人称指示语是冲突性话语的十分常见语用策略,使用频繁且具有动态性,它承载着冲突主体的人际语用取向。由于冲突性话语的对抗性、弱兼容性,人称指示语的视点站位存在三种类型,凸显自我中心视点,突出与冲突一方的情感关联、心理距离。同时,冲突主体使用的人称指示语及其复合结构直接影响到所期望构建的身份权势。在冲突触起、发展阶段,冲突主体多使用离情型人称指示结构,旨在构建趋异型交际身份;在冲突弱化、结束阶段,冲突主体倾向于使用移情型或交互型人称指示结构,以期构建趋同型交际身份。

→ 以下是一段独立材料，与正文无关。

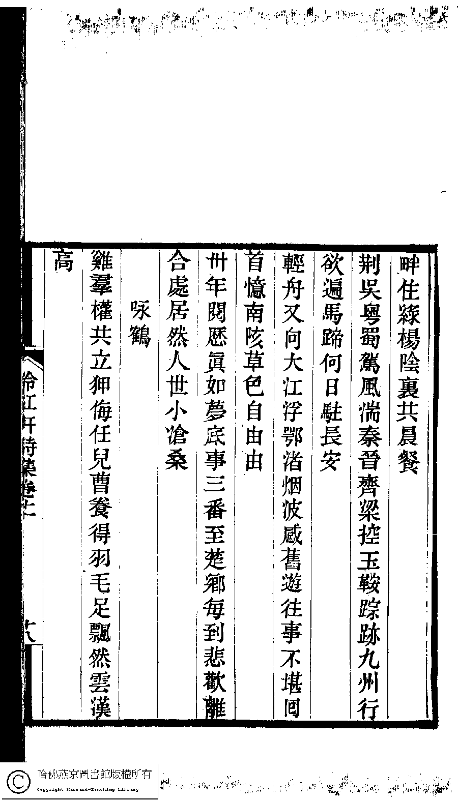| (PRINT FRIENDLY VERSION) 冷紅軒詩集﹕二卷﹐附詞(清百保友蘭撰)。清光緒元年(1875)刻本。 ![]() Page : 上.18a | click for larger image | 冷紅軒詩集﹕二卷﹐附詞(清百保友蘭撰)。清光緒元年(1875)刻本。![]() Page : 上.17b | click for larger image | Back |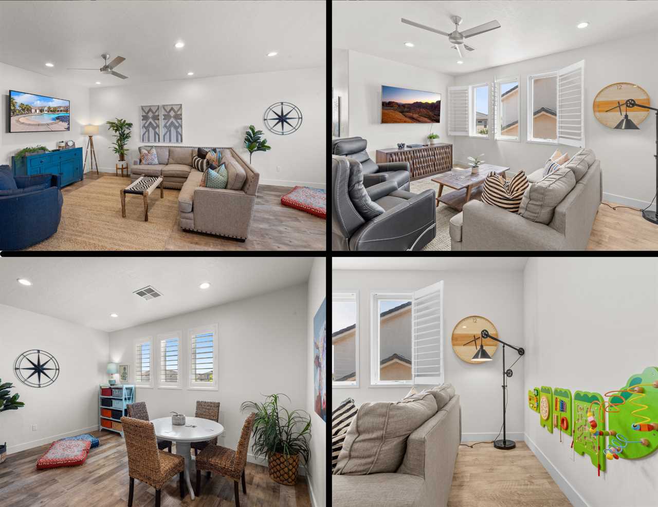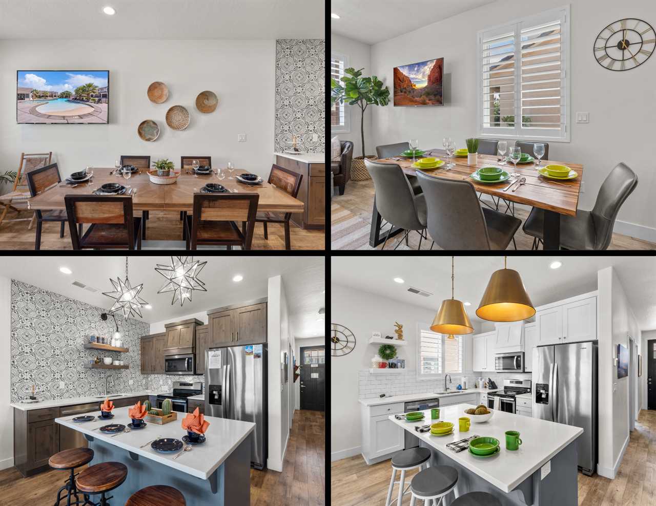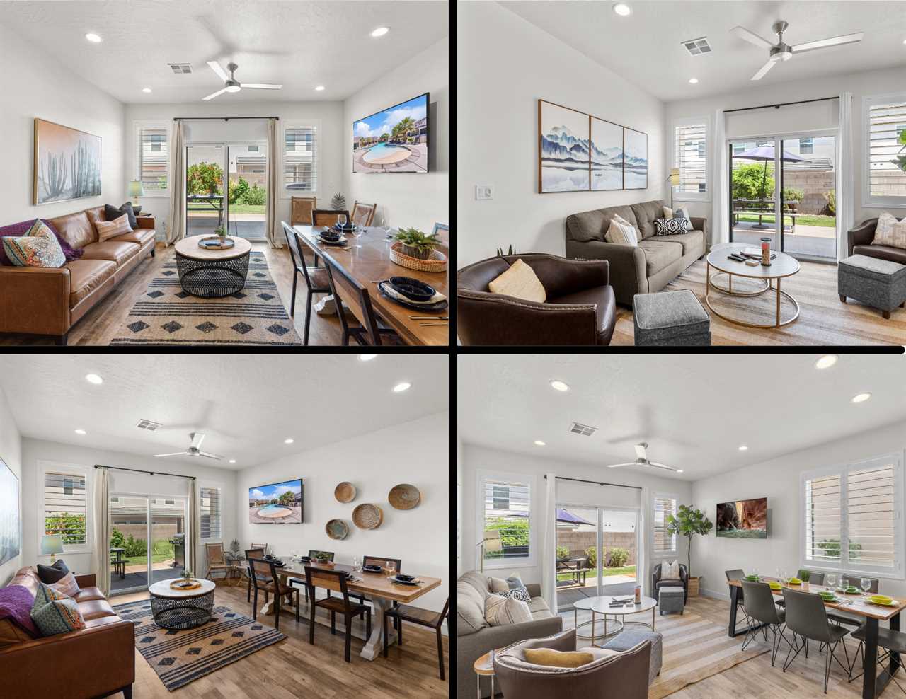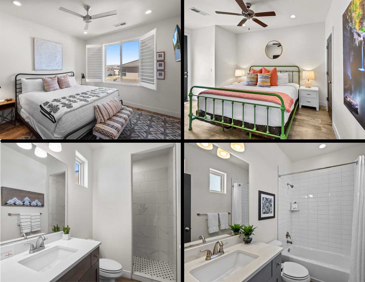 With four bedrooms and four bathrooms, high-end bedding, a private backyard patio equipped with a BBQ grill, and dining space for 11 people, this home will not disappoint. Perfect for birthdays, family gatherings, reunions, and other get-togethers, this house has room for everyone and is kid-friendly. Completely furnished and stocked, we've thought through the small details, so you can enjoy your stay worry-free. This property is located in the Freedom Village Community and includes access to the clubhouse, pool, spa, gym, and more. We are conveniently located in the St. George area, with many restaurants, golf courses, spas, museums, theaters, and shopping centers nearby. Just minutes away from hundreds of picturesque hikes, we are in the perfect location for an active vacation or for unwinding and relaxation. Visit the historic downtown in St. George, one of the many nearby golf courses, or one of the four state parks surrounding us. The nearby state parks include Sand Hollow State Park, Quail Creek State Park, Snow Canyon State Park, and Gunlock State Park. Conveniently located off a major road, we are the gateway to multiple national parks. While here, visit Zion National Park, Bryce Canyon National Park, and the Grand Canyon National Park. With such a favorable location, this home is the ideal vacation spot.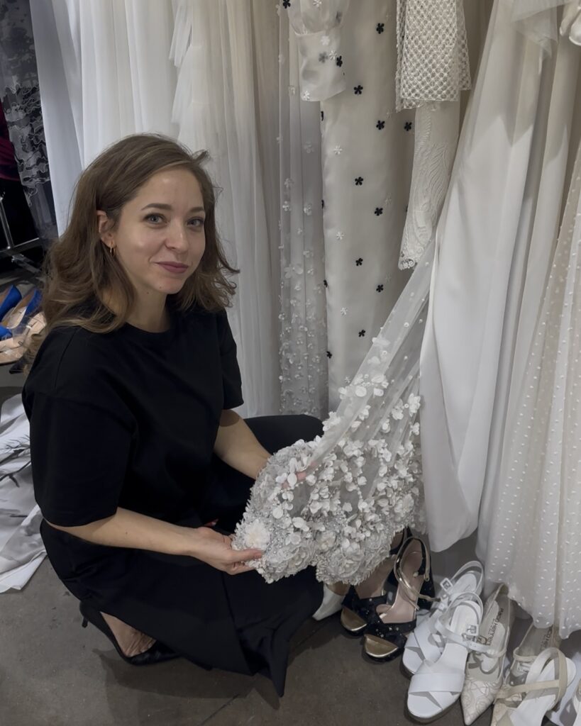 Moments before the shows backstage, I conversed with Laura Lomas of her also eponymous brand. She reached for one of lace tulle embroidered designs. “All of these dots are embroidered by hand,” she said, holding it up to show me. Wow.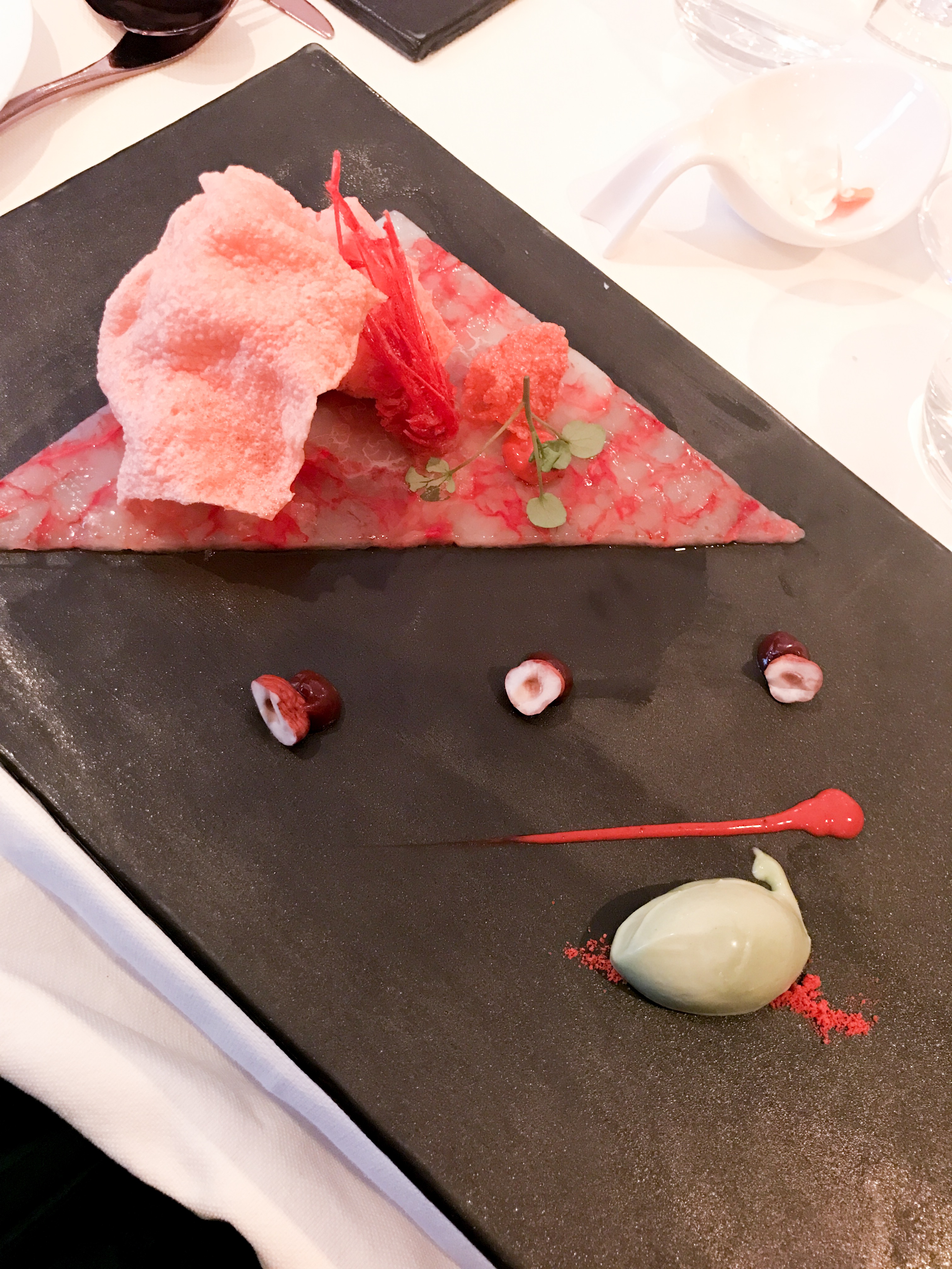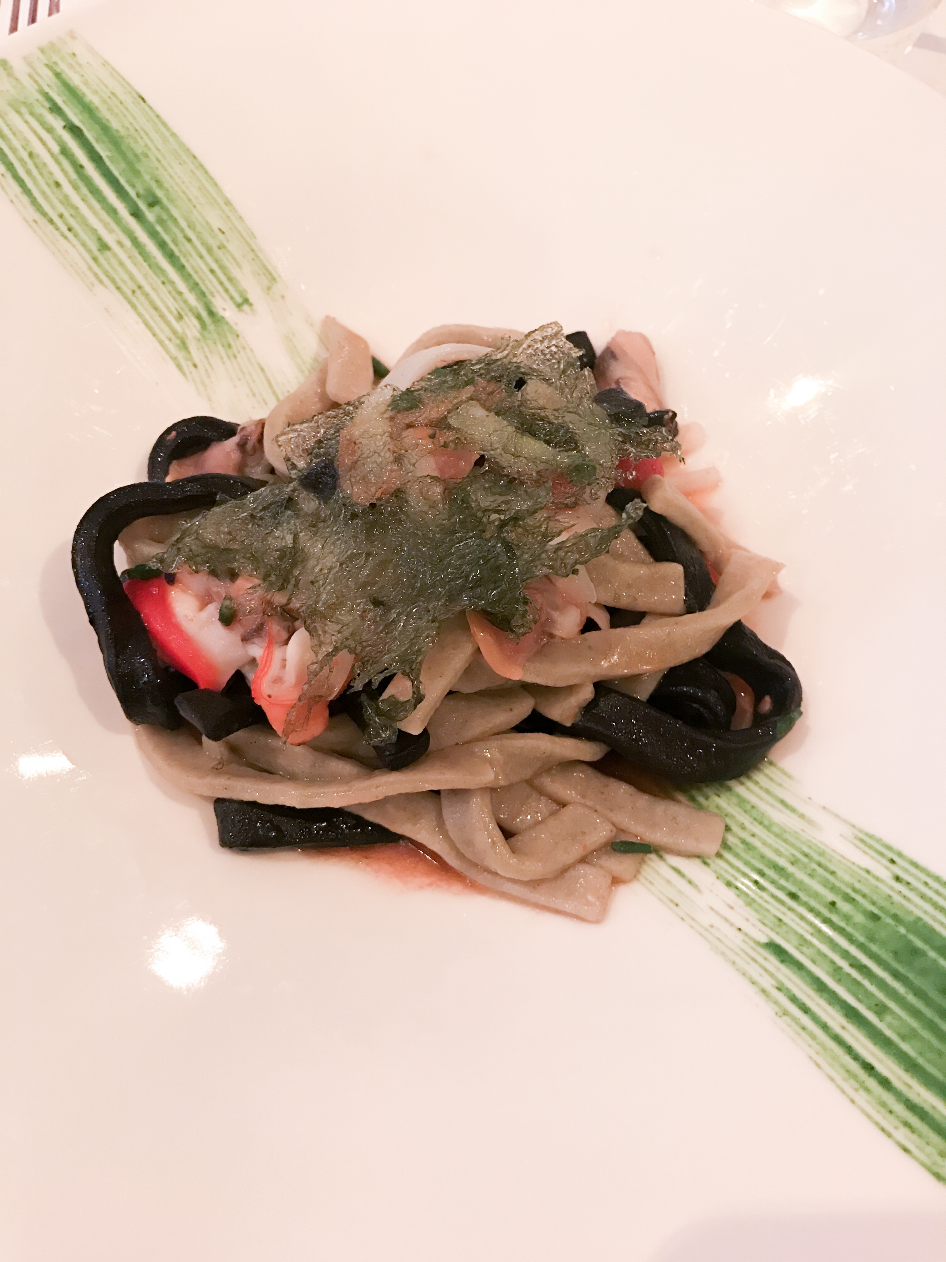 Se proviamo ad ignorare la parte comica dovuta all’enorme disagio che mi accompagna nella vita, è stata una serata magnifica: dopo poco mi sono sciolta e mi sono goduta la cena squisita, tra piatti splendidi e chiacchiere terminate in risate fino alle lacrime. Come antipasto ho scelto carpaccio di gambero rosso di Mazara con mousse alla nocciola di Giffoni e gelato al Plancton (che quando mamma il giorno dopo mi ha cucinato merluzzo surgelato le ho chiesto “cara, dov’è il mio carpaccio di gambero rosso?”), seguito da scialatielli al nero e alghe marine con calamaretti, frutti di mare e pomodorini del Piennolo (la fine del mondo!), seguiti da una squisita tarte tatin (torta di mele caramellate e pasta sfoglia), seguita da una torta a sorpresa ai tre cioccolati e sfere di amarene con la candelina da spegnere per il primo compleanno (quante coccole!), seguita da vassoi di piccola pasticceria – e a questo punto abbiamo iniziato a piangere dalle risate perchè più piene di così non lo eravamo mai state ma continuava ad arrivare cibo e non lo avremmo potuto lasciare mai nei piatti, quindi è iniziata una lotta all’ultimo sangue con i pasticcini.

当然,人际冲突进程并非单纯线性发展,冲突主体的语力较量与缓和、权势维持和争夺已为常态,人称指示语的视点站位与身份构建之间呈现出相互关联、交互融合的发展趋势。
[1]Tannen,D.You Just Don’t Understand:Women and Men in Conversation[M].New York: William Morrow,1990:149.
[2]赵英玲.汉语冲突话语语用修辞研究[D].长春:东北师范大学,2008:55.
[3]何自然,冉永平.新编语用学概论[M].北京:北京大学出版社,2009:31,33.
[4]王钢.冲突话语的语言表征及其人际语用效应[J].辽宁工程技术大学学报:社会科学版,2015(2):205-208.
[5]冉永平.指示语选择的语用视点、语用移情与离情[J].外语教学与研究,2007(5):331-337.
[6]张俊,苗兴伟.语言移情的人际功能视角[J].外语教学,2004(5):41-44.
[7]李向华.汉语语用移情研究综述[J].理论月刊,2013(12):98-104.
[8]杨佑文,管琼.语言的主观性与人称指示语[J].外语学刊,2015(3):46-52.
[9]李成团.指示语选择的视点定位与身份构建[J].外语教学,2010(5):15-19.
[10]李成团.身份构建的人际语用学研究:现状、原则与议题[J]. 中国外语,2015(2):47-54.